-- INFORMATION PROVIDED follows --

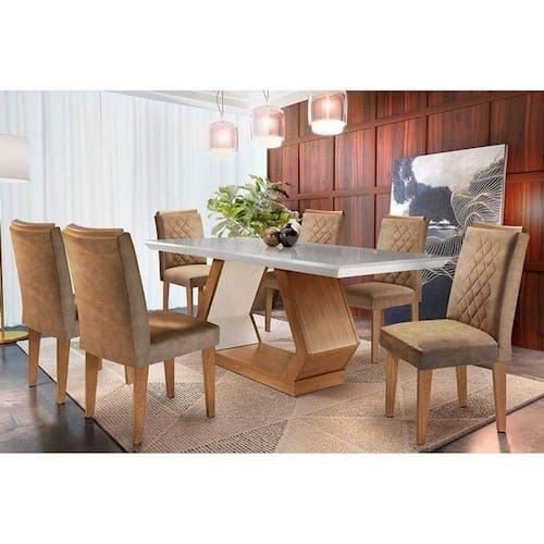 Sala de Jantar Completa Alvorada c/ Tampo Madeirado Canto Reto 180cm + 6 Cadeiras Jade Imbuia/Chocolate Capuccino - Rufato Abaixo segue os produtos do KIT: Sala de Jantar Completa Alvorada c/ Tampo Madeirado Canto Reto 180cm + 6 Cadeiras Jade Imbuia/Chocolate Capuccino - Rufato Mesa de Sala Jantar Alvorada + Tampo Madeirado Reto 180x90cm Imbuia/Off White - Rufato
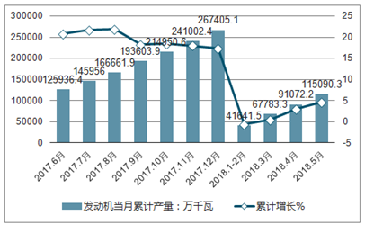 2017-2018年各月发动机累计产量及增长走势
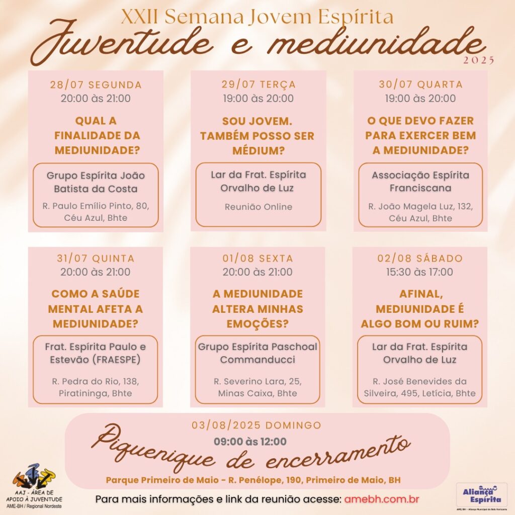 | 01/08/2025 sexta-feira | 20h às 21h | A mediunidade altera minhas emoções? | Conceição | Grupo Espírita Paschoal Commanducci (Rua Severino Lara, 25, Minas Caixa, Bhte, MG) |

-- INFORMATION PROVIDED concluded --

- TRY IT: Copy out the data exactly and keep the pictures out.

- TASK OUTPUT:
 Sala de Jantar Completa Alvorada c/ Tampo Madeirado Canto Reto 180cm + 6 Cadeiras Jade Imbuia/Chocolate Capuccino - Rufato Abaixo segue os produtos do KIT: Sala de Jantar Completa Alvorada c/ Tampo Madeirado Canto Reto 180cm + 6 Cadeiras Jade Imbuia/Chocolate Capuccino - Rufato Mesa de Sala Jantar Alvorada + Tampo Madeirado Reto 180x90cm Imbuia/Off White - Rufato
 2017-2018年各月发动机累计产量及增长走势
 | 01/08/2025 sexta-feira | 20h às 21h | A mediunidade altera minhas emoções? | Conceição | Grupo Espírita Paschoal Commanducci (Rua Severino Lara, 25, Minas Caixa, Bhte, MG) |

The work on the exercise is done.